Dataset records
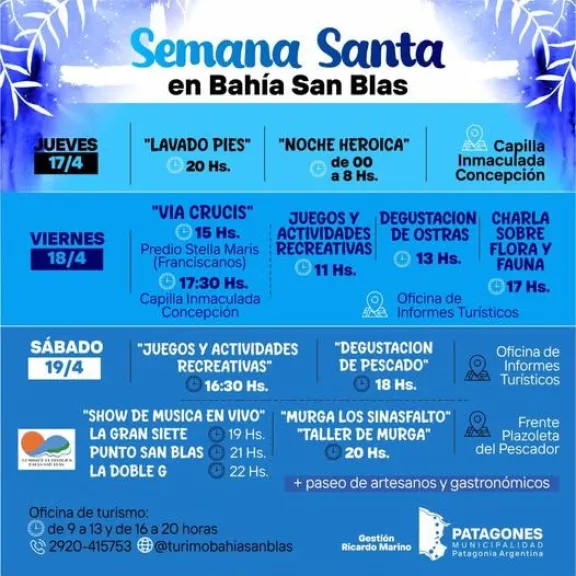 “La Semana Santa en Bahía San Blas no solo es un tiempo de reflexión, sino también una oportunidad para disfrutar de la cultura, la música y la gastronomía local”, invitaron desde el municipio.
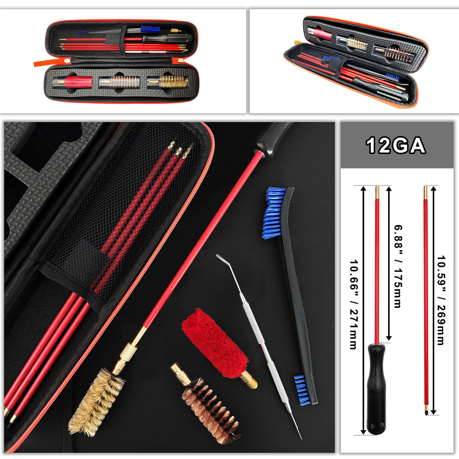 [Kit de limpieza 12GA]-Varilla de limpieza + 3 postes de extensión + cepillo de nailon 12GA + cepillo de bronce 12GA + cepillo de fregona 12GA + cepillo de nailon de doble cabezal + púas de limpieza de acero inoxidable + estuche de almacenamiento de limpieza
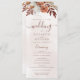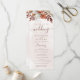 Cartes de programme de mariage de style bohème moderne avec des fleurs d'aquarelle et des feuilles de chute dans les tons de terre comme rouille brun, orange brûlé et terre cuite. Un choix parfait pour les mariages d'automne.
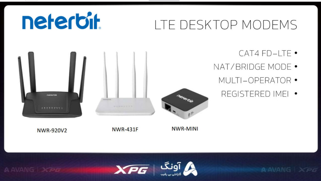 - برند Neterbit که زیرشاخه تولیدی آونگ است و روی ساخت مودمهای 4G/LTE دسکتاپ و پورتابل و همچنین انواع سوییچ و روتر تمرکز دارد
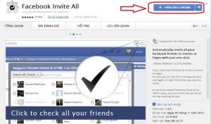 Tại đây, nếu bình thường thì chúng ta sẽ click mời từng bạn bè một, nhưng bây giờ đã có Facebook Invite All rồi, bạn chỉ cần nhấp vào biểu tượng của tiện ích (biểu tượng chữ v) để tiện ích Facebook Invite All tự động mời tất cả bạn bè của bạn like FanPage cho bạn.
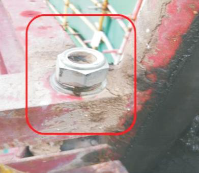 第2163题 图示施工升降机标准节螺栓不符合要求。
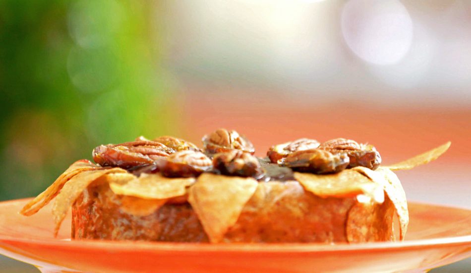 - Garneer de taart met de kletskoppen, 6 pecannoten en 6 dadels.
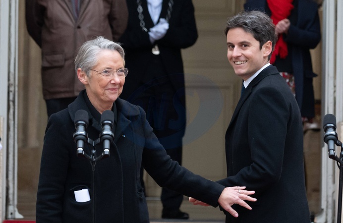 Przekazanie władzy pomiędzy byłą premier Elisabeth Borne a nowym premierem Gabrielem Attalem w Hôtel de Matignon w Paryżu.
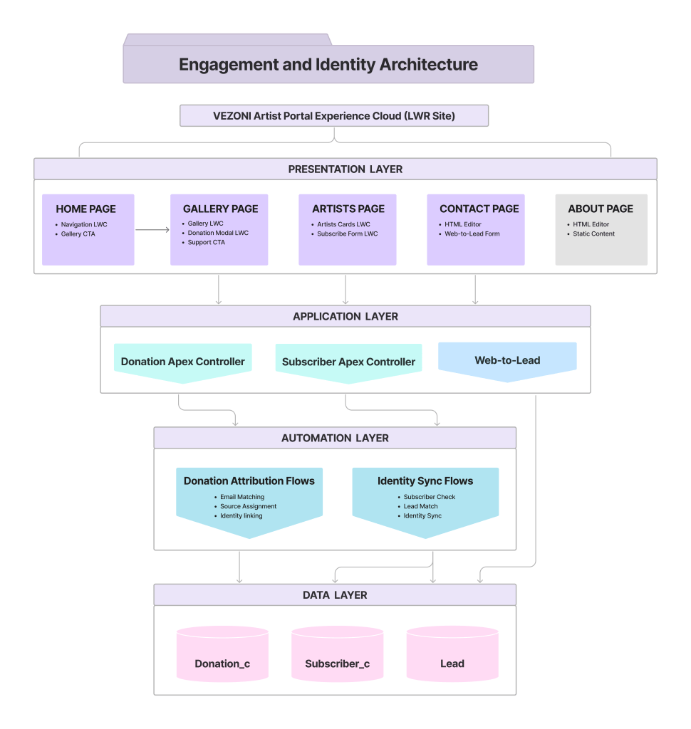 This diagram illustrates the layered architecture of the Vezoni Artist Portal Experience Cloud site, including the presentation, application, automation, and data layers.

- TO DO -
Your answer must be an exact copy of the lines from the start of the entries through the line with "Cartes de programme", with no pictures.

- ANSWER SPACE -
 “La Semana Santa en Bahía San Blas no solo es un tiempo de reflexión, sino también una oportunidad para disfrutar de la cultura, la música y la gastronomía local”, invitaron desde el municipio.
 [Kit de limpieza 12GA]-Varilla de limpieza + 3 postes de extensión + cepillo de nailon 12GA + cepillo de bronce 12GA + cepillo de fregona 12GA + cepillo de nailon de doble cabezal + púas de limpieza de acero inoxidable + estuche de almacenamiento de limpieza
 Cartes de programme de mariage de style bohème moderne avec des fleurs d'aquarelle et des feuilles de chute dans les tons de terre comme rouille brun, orange brûlé et terre cuite. Un choix parfait pour les mariages d'automne.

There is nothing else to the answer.